Unlike PostgreSQL, Redis uses a single-node multi-instance deployment model: one physical/virtual machine node typically deploys multiple Redis instances to fully utilize multi-core CPUs. Therefore, nodes and instances have a 1:N relationship. Additionally, production typically advises against Redis instances with memory > 12GB.

Operating Modes

Redis has three different operating modes, specified by the redis_mode parameter:

• Standalone: Default mode, replication via replica_of parameter. Requires additional Sentinel cluster for HA.
• Sentinel: Stores no business data, dedicated to monitoring standalone Redis clusters for auto-failover; multi-node itself provides HA.
• Native Cluster: Data auto-sharded across multiple primaries, each can have multiple replicas, built-in HA, no sentinel needed.

Examples

Let’s look at concrete examples for each mode:

Standalone Cluster

Classic master-replica on a single node:

redis-ms:
  hosts:
    10.10.10.10:
      redis_node: 1
      redis_instances:
        6379: { }
        6380: { replica_of: '10.10.10.10 6379' }
  vars:
    redis_cluster: redis-ms
    redis_password: 'redis.ms'
    redis_max_memory: 64MB

Sentinel Cluster

Three sentinel instances on a single node for monitoring standalone clusters. Sentinel clusters specify monitored standalone clusters via redis_sentinel_monitor:

redis-sentinel:
  hosts:
    10.10.10.11:
      redis_node: 1
      redis_instances: { 26379: {}, 26380: {}, 26381: {} }
  vars:
    redis_cluster: redis-sentinel
    redis_password: 'redis.sentinel'
    redis_mode: sentinel
    redis_max_memory: 16MB
    redis_sentinel_monitor:
      - { name: redis-ms, host: 10.10.10.10, port: 6379, password: redis.ms, quorum: 2 }

Native Cluster

A Redis native distributed cluster with two nodes and six instances (minimum spec: 3 primaries, 3 replicas):

redis-test:
  hosts:
    10.10.10.12: { redis_node: 1, redis_instances: { 6379: {}, 6380: {}, 6381: {} } }
    10.10.10.13: { redis_node: 2, redis_instances: { 6379: {}, 6380: {}, 6381: {} } }
  vars:
    redis_cluster: redis-test
    redis_password: 'redis.test'
    redis_mode: cluster
    redis_max_memory: 32MB

This creates a 3 primary 3 replica native Redis cluster.

Identity Parameters

Pigsty uses the REDIS parameter group to assign deterministic identities to each Redis module entity. Three parameters are required:

With cluster name defined at cluster level and node number/instance definition assigned at node level, Pigsty automatically generates unique identifiers for each entity:

The Redis module does not assign additional identity to host nodes; nodes are identified by their existing hostname or IP address. redis_node is used for instance naming, not host node identity.

Instance Definition

redis_instances is a JSON object with port number as key and instance config as value:

redis_instances:
  6379: { }                                      # Primary instance, no extra config
  6380: { replica_of: '10.10.10.10 6379' }       # Replica, specify upstream primary
  6381: { replica_of: '10.10.10.10 6379' }       # Replica, specify upstream primary

Each Redis instance listens on a unique port within the node. You can choose any port number, but avoid system reserved ports (< 1024) or conflicts with Pigsty used ports. The replica_of parameter sets replication relationship in standalone mode, format '<ip> <port>', specifying upstream primary address and port.

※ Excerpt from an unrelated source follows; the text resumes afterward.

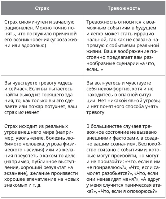 В таблице на следующей странице вы можете увидеть различия между оправданным страхом и нездоровой тревожностью.

Additionally, each Redis node runs a Redis Exporter collecting metrics from all local instances:

Redis’s single-node multi-instance deployment model has some limitations:

• Node Exclusive: A node can only belong to one Redis cluster, not assigned to different clusters simultaneously.
• Port Unique: Redis instances on the same node must use different ports to avoid conflicts.
• Password Shared: Multiple instances on the same node cannot have different passwords (redis_exporter limitation).
• Manual HA: Standalone Redis clusters require additional Sentinel configuration for auto-failover.

Monitoring Label System

Pigsty provides an out-of-box monitoring system that uses the above identity parameters to identify various Redis entities.

redis_up{cls="redis-ms", ins="redis-ms-1-6379", ip="10.10.10.10", job="redis"}
redis_up{cls="redis-ms", ins="redis-ms-1-6380", ip="10.10.10.10", job="redis"}

For example, the cls, ins, ip labels correspond to cluster name, instance name, and node IP—the identifiers for these three core entities. They appear along with the job label in all Redis monitoring metrics collected by VictoriaMetrics. The job name for collecting Redis metrics is fixed as redis.

2.5 - INFRA Node Model

The INFRA module plays a special role in Pigsty: it’s not a traditional “cluster” but rather a management hub composed of a group of infrastructure nodes, providing core services for the entire Pigsty deployment. Each INFRA node is an autonomous infrastructure service unit running core components like Nginx, Grafana, and VictoriaMetrics, collectively providing observability and management capabilities for managed database clusters.

There are two core entities in Pigsty’s INFRA module:

• Node: A server running infrastructure components—can be bare metal, VM, container, or Pod.
• Component: Various infrastructure services running on nodes, such as Nginx, Grafana, VictoriaMetrics, etc.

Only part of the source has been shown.